Every time we needed to stop and go pee – which, by all measurable and rational standards was far too often – it was more of the same. Unfold, dip, tuck push and be pushed out the doors. For those in the far back, we’d have to wait until somebody, once they’d finally made it outside, felt the need to come around and swing open the squeaky corral door. We hot, sweaty kids (I was a chubby little guy) would then use finely-tuned skills of navigating through the honeycomb amalgam of tents, ice chest and suitcases – yes, suitcases – that my father proudly called “packing.” We’d run around, happy to be outside with real air. But too short lived those escapes were. A round of potty breaks and snacks later, it was back to the compacting reality of the weeklong getaway. Crimp, tuck roll and dive back into the car we went. Oh, great. It’s my turn to have somebody sit on my lap. Walls closing, chest tightening. Freedom only through the windows, which were restricting enough to make it all seem fake.

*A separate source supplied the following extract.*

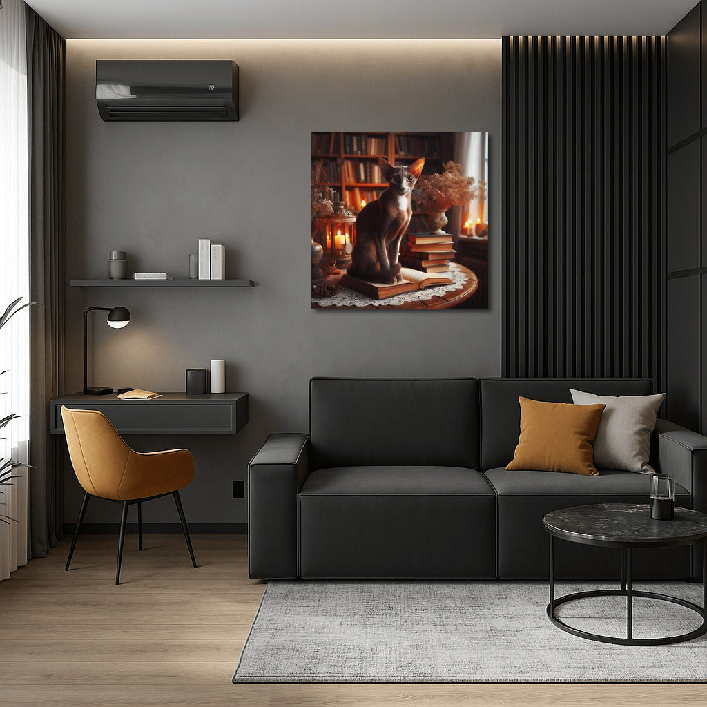 Charming Oriental Shorthair in a cozy library. Wall art to create an atmosphere of warmth and coziness in your home. See more from the collection: Animals Art

We all knew it was only a matter of time before Grandma called for Jesus music. As a youngster, I enjoyed the tunes. All the classics like “Old Rugged Cross” and “Amazing Grace” sung with the enthusiasm of an aging cow. Singing. Bopping around. La-lala-lala. This is what we’d do. But as time went on, and I rapidly approached the age of neuroses, I felt trapped under a boulder. Seeing glimpses of light and deafened by the car full of people singing with heartfelt vigor. The screams of feral cats in a fight had more talent then my cumulative family. But stop they did not – each singing more off tune than the previous. Even with that analysis, not once do I remember somebody, anybody, let loose an on-key note. Amazing, really.

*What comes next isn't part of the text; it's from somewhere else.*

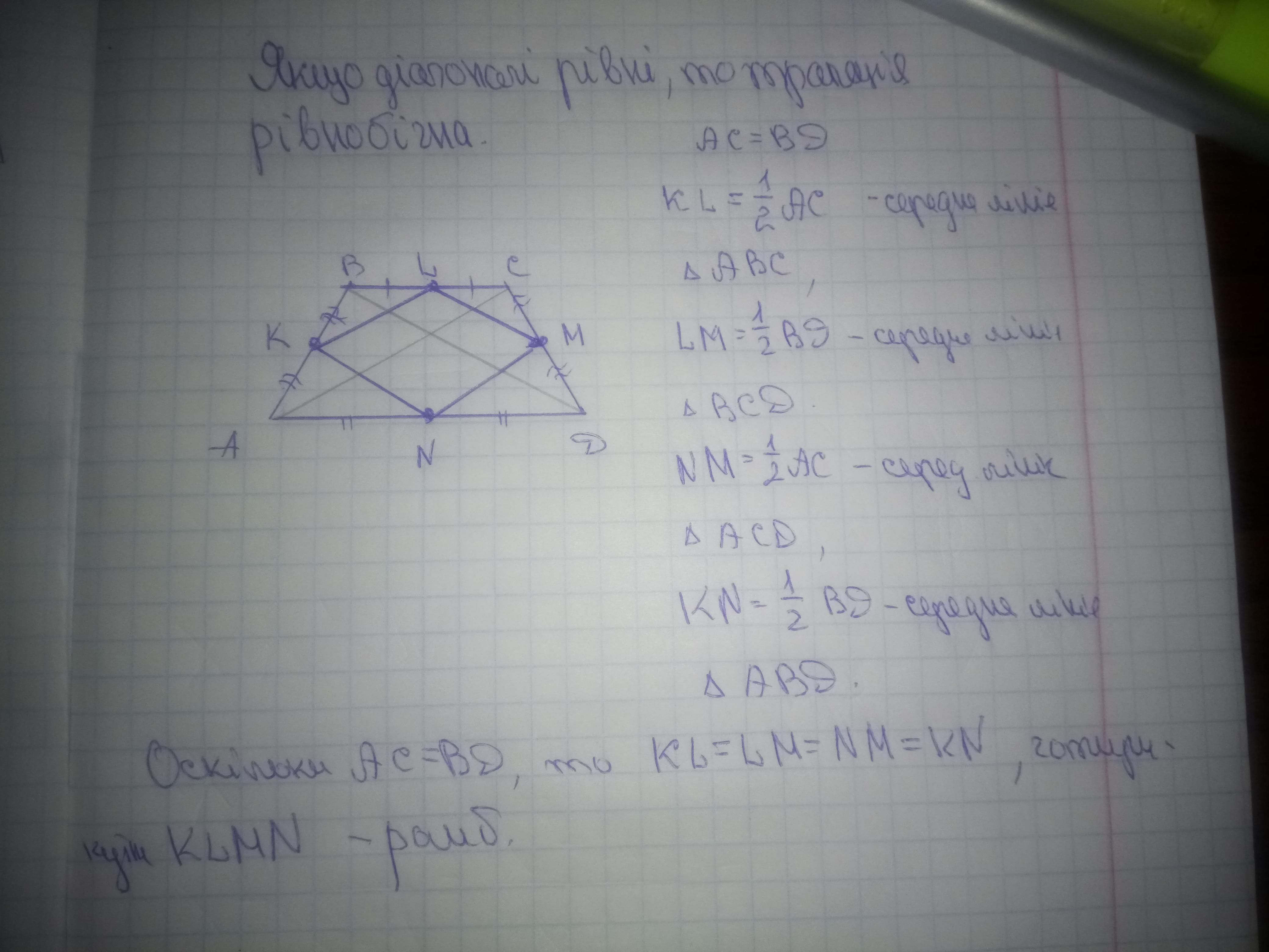Украинский, если что переведите на русский в переводчике. Послідовно сполучили середини сторін трапеції, діагоналі котрої рівні і не перпендикулярні. Яка утворилася фігура? Прошу объяснение и по желанию рисуночек, ну или набросок в Paint

The last camping trip we ever took, when I was 13 or so, was unforgettable. Stuck in the back seat, music screaming, luggage numbing my stocky legs, I felt something. Heart racing, chest tightening. Sweat glands operating at capacity. Then a slow trickle, up, not down, starting at my stomach. The burning ice-picked its way up my chest, into my throat. And it burned. I wanted to cough, but I couldn’t. My mouth, salivating now, smacked sugary with the unpleasant aftertaste of the afternoon’s soda.

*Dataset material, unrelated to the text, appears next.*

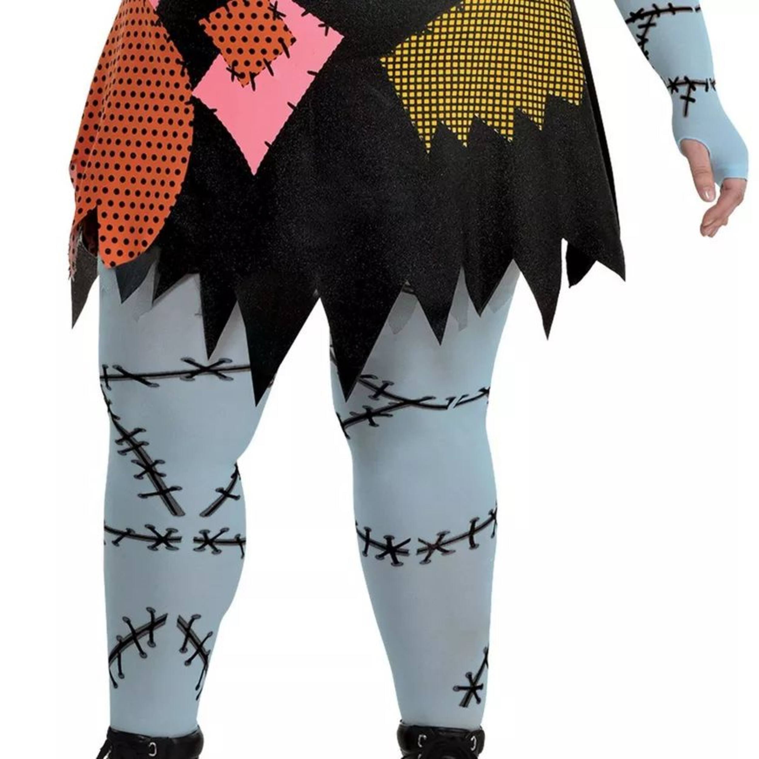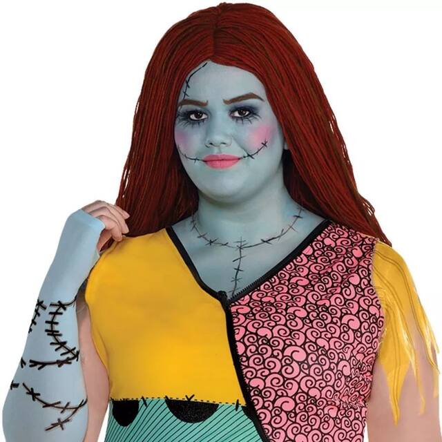 Transform into the beloved character Sally from The Nightmare Before Christmas with this deluxe women's costume. The patchwork dress showcases a unique design and a jagged hem dress, capturing Sally's iconic look. Complete with blue arm warmers, stitched tights, and a red yarn wig, you'll be the sweetest doll in Halloween Town.

“It’s getting really hot back here. Can somebody roll down the window?”

Grandma, who until then was in a quiescent trance, seemingly content, asleep on a pillow wedged between the door and her seat, would pop up, frantic. Back up went the windows. Apparently the wind coming in – the cool, refreshing breath of life - messed her hair. But her hair’s already messed up from laying on the pillow, I thought. Apparently, I wasn’t allowed to think. Back to lala land went grandma.

“Mom,” I said. Fa-lala-lala. Nobody seemed to hear. “Mom!” this time louder. Down with the music.

“What is it?”

“My throat’s burning. It hurts.”

“Well, you probably just ate too fast, or got too much air when we stopped.” Up went the music. Fa-lala-lala.

“Mom, I’m going to die. You’re killing your own son!” Everybody in the car laughed.

Finally she grabbed some Tums from her purse and told me to chew them. “This’ll help,” she said. So I chewed. One froth crunch after another, I chewed. And it bubbled. The bubbles brought to mind a slide recently shown in science class of a dog with rabies. I panicked.

“You gave me rabies. Mom, I have rabies!”

“You are such a little pansy sometimes. You’ve just got a little heart burn. Chew those and wash it down. You’ll be fine.”

At the time I wasn’t aware hearts were supposed to burn. All I had to wash down the sludge sticky mess was the remainder of the afternoon’s cola. Warm, watery sweet and tangy. “Why are you sweating so much?”

Eventually we’d make our way to the destination. Tuck. Roll. Free. Well, free until my dad called on us to unload the heap of crap from the wagon’s hindquarters. Out came tents and ice chests and no less than three bags for each of the women present, chock full of changes of clothes, make up, battery-powered curling irons and the like. Meantime, somebody would start a fire. Or try to start a fire. A lot of work went into snake charming one consistent flame out of a pile of used napkins and small sticks we found near the campsite. But once that fire got-a-roarin’ we knew we were in for a treat. It was no secret what I looked forward to. I was 13 and pudgy. S’mores. The iconic treat.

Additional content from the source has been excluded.